**Work instruction**: Each line below must be transcribed exactly, and no picture may appear in the transcription.

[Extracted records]
*** Block opens ***
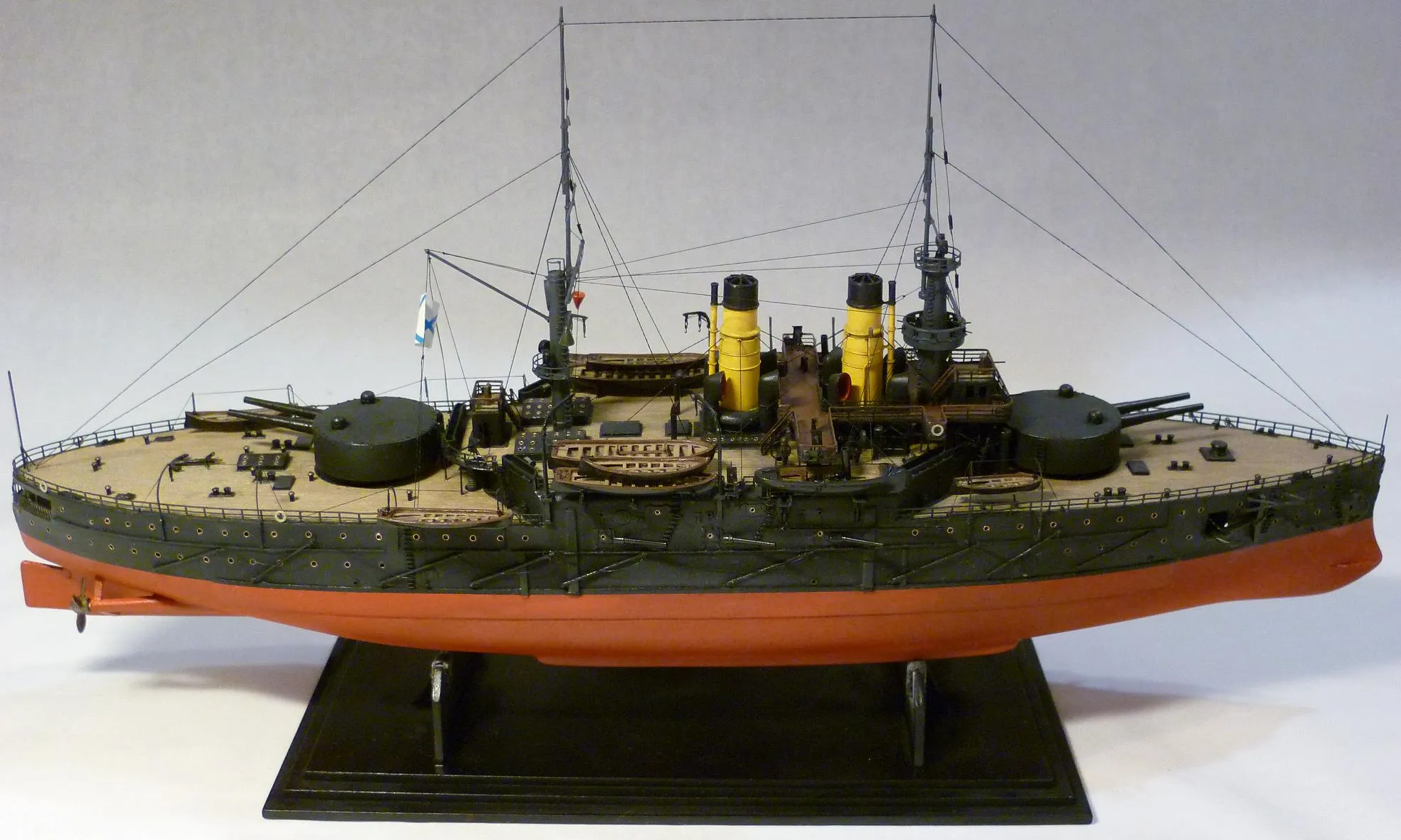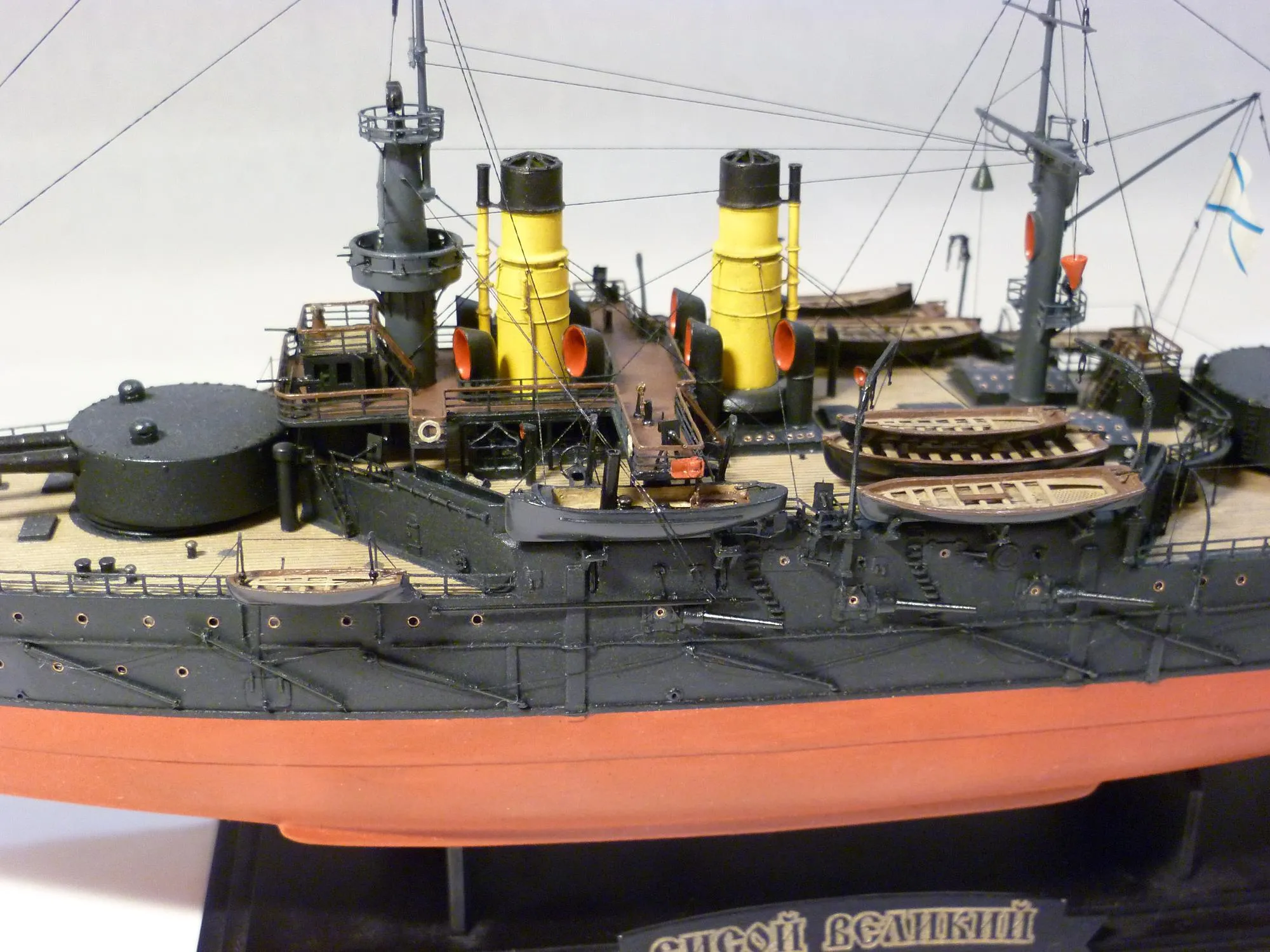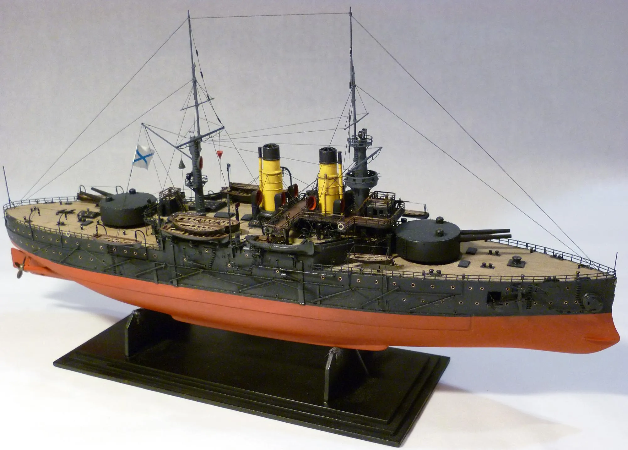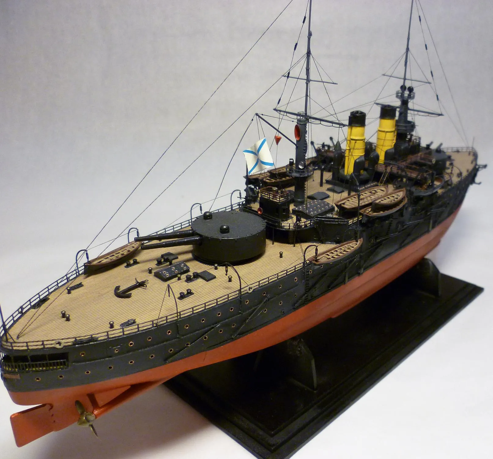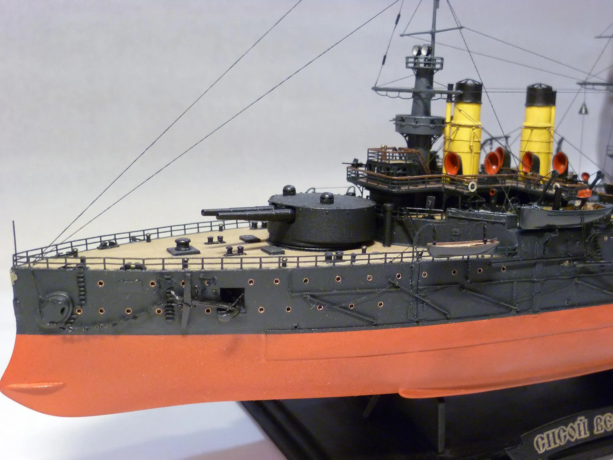 Модель создавалась на период осени 1904 г. в момент отплытия 2 Тихоокеанской эскадры к театру военных действий на дальний восток. Выполнена модель из коробки с авторскими доработками по чертежам г.А.Логинова и фотографиям оригинала.
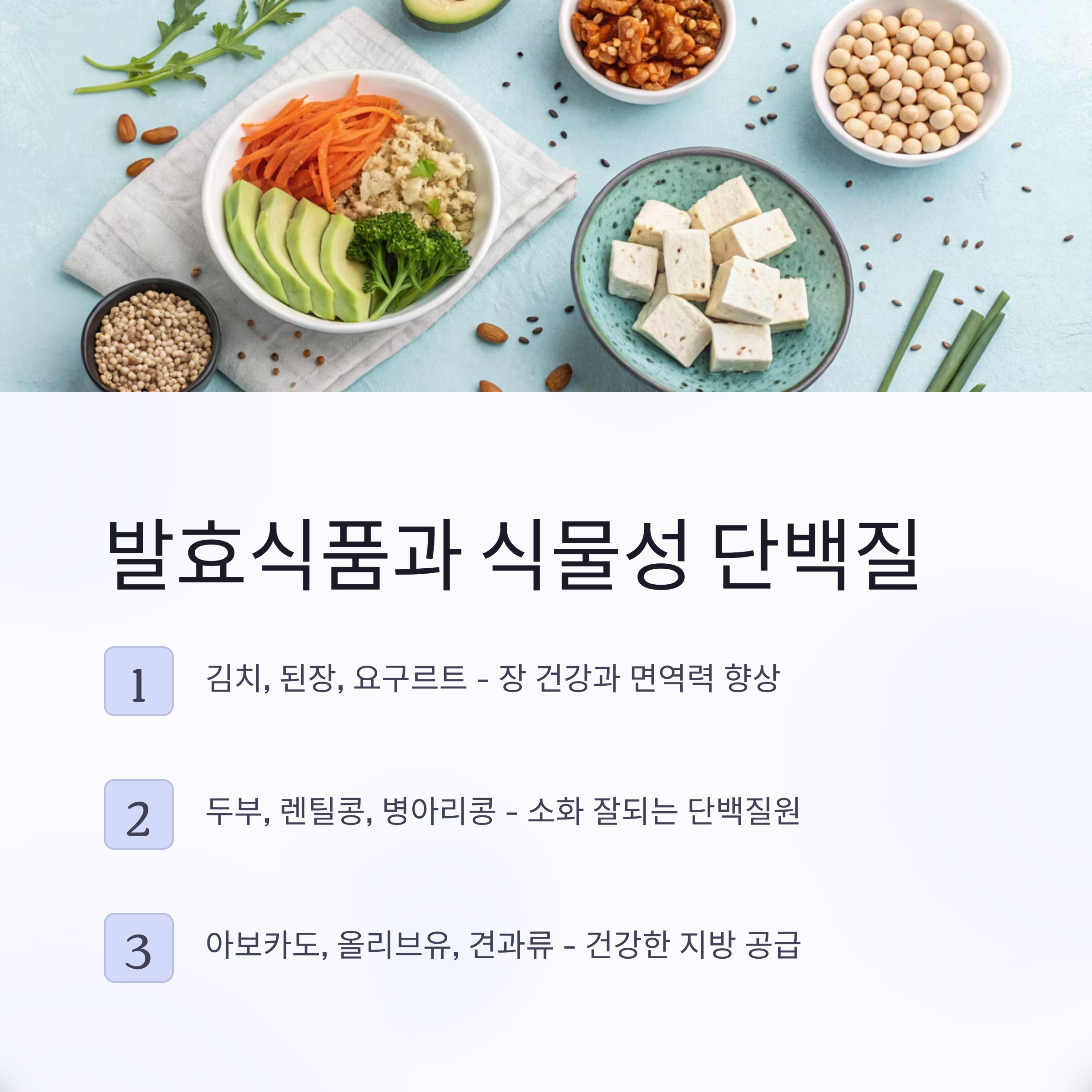자연식 식단에서 장 건강을 챙기려면 발효식품은 꼭 넣어야 할 필수 재료입니다. 유산균과 효소가 풍부하게 살아 있는 발효식품은 소화 흡수를 돕고 면역력을 끌어올려 줘요. 우리나라의 대표적인 김치뿐만 아니라, 된장, 청국장, 낫토, 요구르트 등도 좋은 선택입니다. 매 끼니에 발효식품 한 가지를 넣는 것만으로도 장 트러블을 줄이고 복부 팽만감을 완화하는 효과가 있어요.
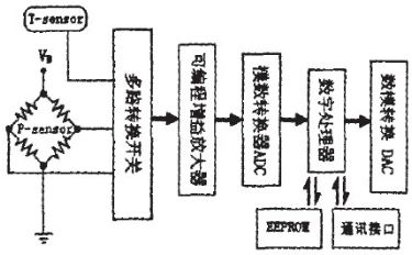 在溫度傳感器的輔助作用下通過信號轉換開關分時讀取壓力與溫度的數值,通過可編程增益放大器將微弱信號放大,再經過ADC量化傳感器的信號進入數字處理器計算當前溫度和壓力下的補償後壓力輸出給數模轉換DAC輸出模擬信號。而溫度補償則可以通過通訊接口將參數寫入EEPROM供數字處理器計算時調用。如此多的功能部件均可集成製作在一塊單一芯片上,使得ASIC電路很容易和MEMS技術製作的壓力敏感芯片封裝在一個小巧的殼體中。
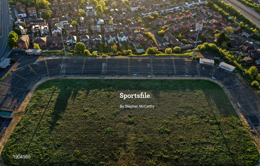 11 June 2020; A general view of Casement Park in Belfast, Northern Ireland. Located on Andersonstown Road in the west of the city, Casement Park serves as the home ground of the Antrim football and hurling teams. The stadium is currently closed and in a state of dereliction, with redevelopment plans pending now for several years. Photo by Stephen McCarthy/Sportsfile
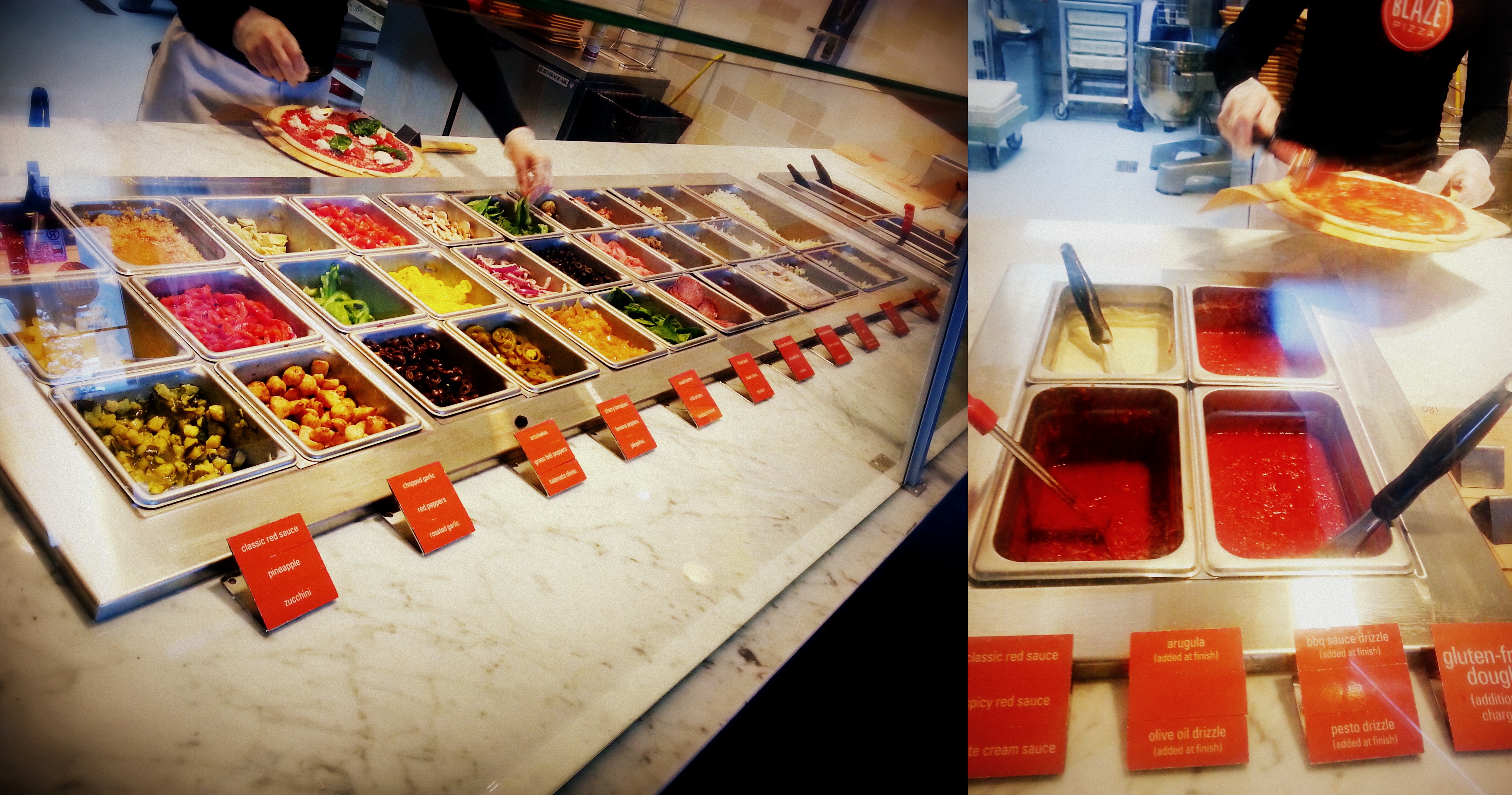 Oh Twitter, how we love thee. Recently, the Chicago Food Scene held a Twitter poetry competition for free Blaze pizzas. We dug deep back to our middle school Haiku writing days and typed a clever pizza ditty….and won!! Once our coupons came, we gleefully braved the snow to try the “new to Chicago” casual pizza chain, Blaze Pizza, situated in Boystown right near the El stop. We weren’t really sure what to expect when we entered but the staff hollered out a welcome and invited us to come closer.
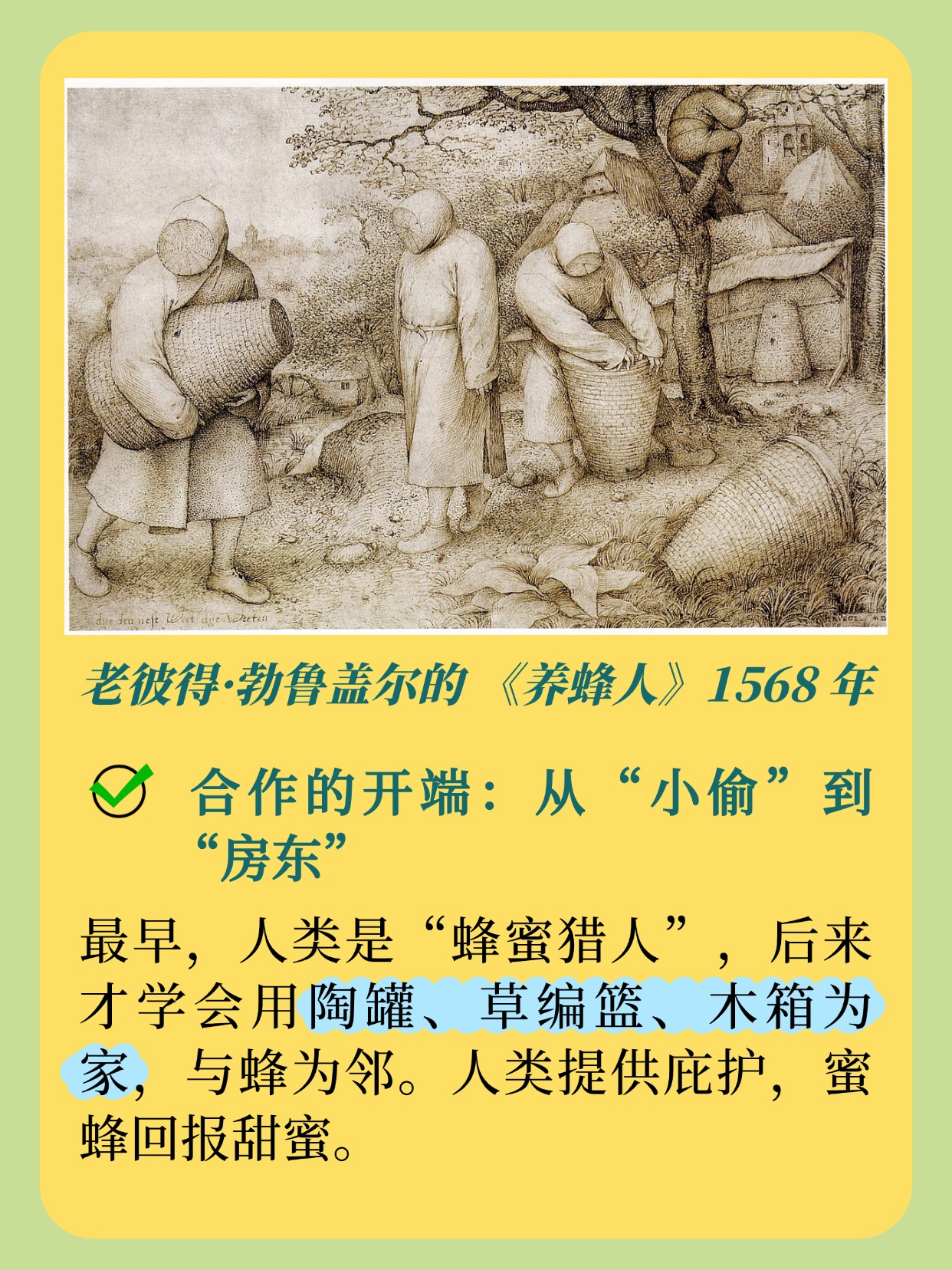 后来,古人学会用陶罐、草篮、木箱为它们安家,才开启了养蜂史。
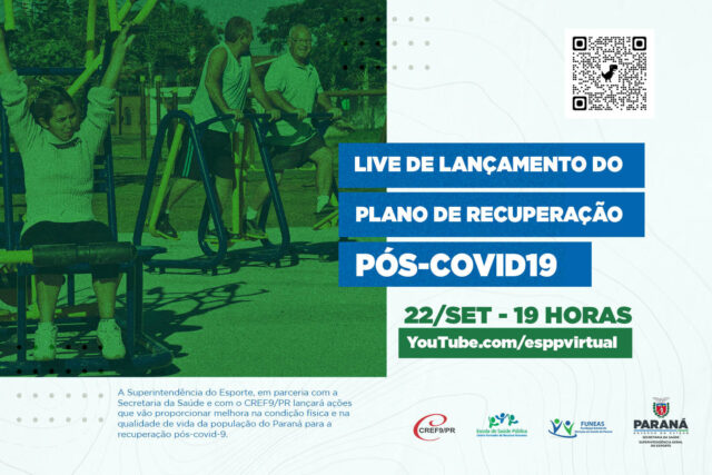 O Governo do Estado, por meio da Superintendência Geral do Esporte e da Secretaria estadual da Saúde, em parceria com o Conselho Regional de Educação Física – 9ª Regional, lançará nesta quarta-feira (22) ações para proporcionar melhora na condição física e na qualidade de vida dos paranaenses no pós-Covid-19. O lançamento ocorre em uma live noYouTube oficial da Escola de Saúde Pública do Paraná, às 19h.
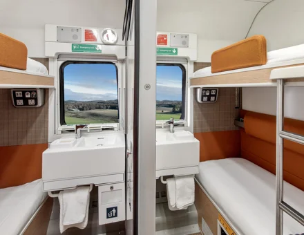 Our private Classic rooms feature twin bunk beds with handcrafted Glencraft mattresses and a washbasin. With an interconnecting room option, you can enjoy your journey with up to four people. Room service available.
*** Block closes ***
**Solution to this task**:
 Модель создавалась на период осени 1904 г. в момент отплытия 2 Тихоокеанской эскадры к театру военных действий на дальний восток. Выполнена модель из коробки с авторскими доработками по чертежам г.А.Логинова и фотографиям оригинала.
자연식 식단에서 장 건강을 챙기려면 발효식품은 꼭 넣어야 할 필수 재료입니다. 유산균과 효소가 풍부하게 살아 있는 발효식품은 소화 흡수를 돕고 면역력을 끌어올려 줘요. 우리나라의 대표적인 김치뿐만 아니라, 된장, 청국장, 낫토, 요구르트 등도 좋은 선택입니다. 매 끼니에 발효식품 한 가지를 넣는 것만으로도 장 트러블을 줄이고 복부 팽만감을 완화하는 효과가 있어요.
 在溫度傳感器的輔助作用下通過信號轉換開關分時讀取壓力與溫度的數值,通過可編程增益放大器將微弱信號放大,再經過ADC量化傳感器的信號進入數字處理器計算當前溫度和壓力下的補償後壓力輸出給數模轉換DAC輸出模擬信號。而溫度補償則可以通過通訊接口將參數寫入EEPROM供數字處理器計算時調用。如此多的功能部件均可集成製作在一塊單一芯片上,使得ASIC電路很容易和MEMS技術製作的壓力敏感芯片封裝在一個小巧的殼體中。
 11 June 2020; A general view of Casement Park in Belfast, Northern Ireland. Located on Andersonstown Road in the west of the city, Casement Park serves as the home ground of the Antrim football and hurling teams. The stadium is currently closed and in a state of dereliction, with redevelopment plans pending now for several years. Photo by Stephen McCarthy/Sportsfile
 Oh Twitter, how we love thee. Recently, the Chicago Food Scene held a Twitter poetry competition for free Blaze pizzas. We dug deep back to our middle school Haiku writing days and typed a clever pizza ditty….and won!! Once our coupons came, we gleefully braved the snow to try the “new to Chicago” casual pizza chain, Blaze Pizza, situated in Boystown right near the El stop. We weren’t really sure what to expect when we entered but the staff hollered out a welcome and invited us to come closer.
 后来,古人学会用陶罐、草篮、木箱为它们安家,才开启了养蜂史。
 O Governo do Estado, por meio da Superintendência Geral do Esporte e da Secretaria estadual da Saúde, em parceria com o Conselho Regional de Educação Física – 9ª Regional, lançará nesta quarta-feira (22) ações para proporcionar melhora na condição física e na qualidade de vida dos paranaenses no pós-Covid-19. O lançamento ocorre em uma live noYouTube oficial da Escola de Saúde Pública do Paraná, às 19h.
 Our private Classic rooms feature twin bunk beds with handcrafted Glencraft mattresses and a washbasin. With an interconnecting room option, you can enjoy your journey with up to four people. Room service available.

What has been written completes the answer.